Despite a relatively modest 2.8GHz stock clockspeed, it's therefore no surprise to find the Intel Core i5 760 flattens the Core i5 661 and Core i5 655K in literally every performance benchmark. You have to wonder why anyone would want to pay more for one of those Core i5 600 series chips. Intel would no doubt justify the price premium by pointing to the Core i5 600's integrated graphics.

Anyway, a much tougher nut for the Core i5 760 to crack is AMD's new six-core processor. The Phenom II X6 1055T is actually slightly cheaper despite giving the Core i5 760 a pretty solid schooling in our multi-threading tests. As ever, however, the 760 hits back with awesome gaming performance. It also shows the Phenom chip who's boss in our file decompression test.

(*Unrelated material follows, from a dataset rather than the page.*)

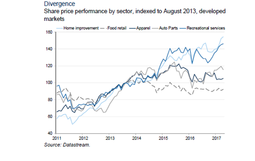 零售商大批破產(chǎn)的同時(shí),一些對(duì)電商“免疫”的行業(yè),在過去幾年表現(xiàn)卻明顯優(yōu)于其他消費(fèi)類行業(yè)。高盛在一篇報(bào)告中總結(jié)了以下四類:1、線下體驗(yàn)型消費(fèi)(如游樂場(chǎng));2、“大件”商品和服務(wù)(如家具、教育);3、B2B類商品(如工業(yè)零件);4、有監(jiān)管約束的商品(如藥品)。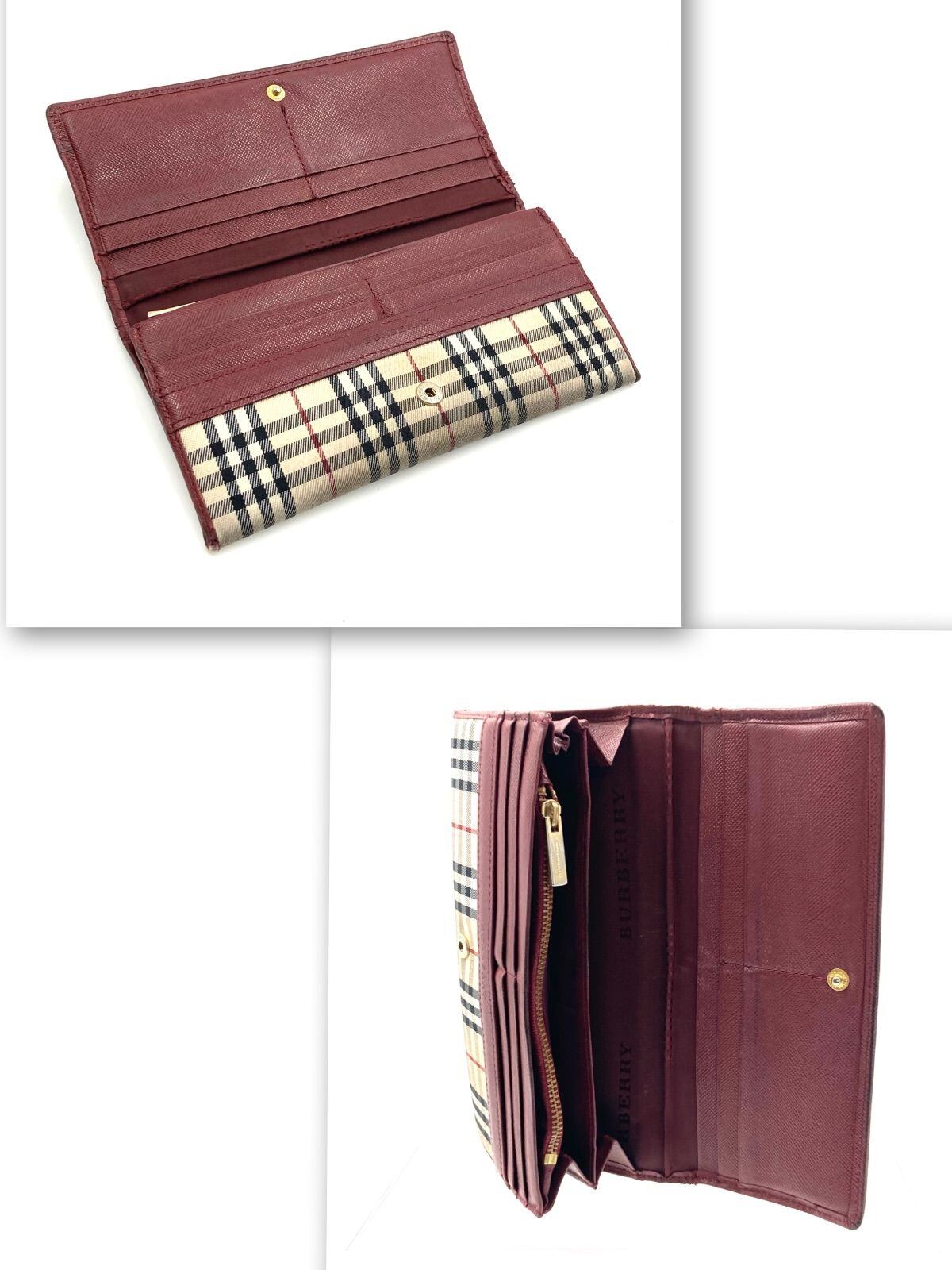 BURBERRY バーバリー ノバチェック 長財布 二つ折り キャンバス×レザー ベージュ×ボルドー ゴールド金具

It's also disappointing to find the new 760 does not appear to offer any additional overclocking headroom. In our testing, the older Core i5 750 actually hits higher frequencies.

We liked:

If you fancy four cores for the price of two, it's hard to argue against the Core i5 760. It's cheaper than many of Intel's latest dual-core processors and hammers them for all round performance. At this price point, it's also the finest gaming CPU on the market.

We disliked:

Intel has a nasty habit of artificially hobbling some of its mainstream processors. So it is for the Core i5 760. By switching off HyperThreading, Intel has compromised the 760's performance in highly threaded applications such as video encoding and handed the advantage to AMD's similarly priced six-core Phenom II X6 1055T. Shame.


Replaces the Core i5 750 as our favourite gaming chip. No HyperThreading is a bit of a bummer.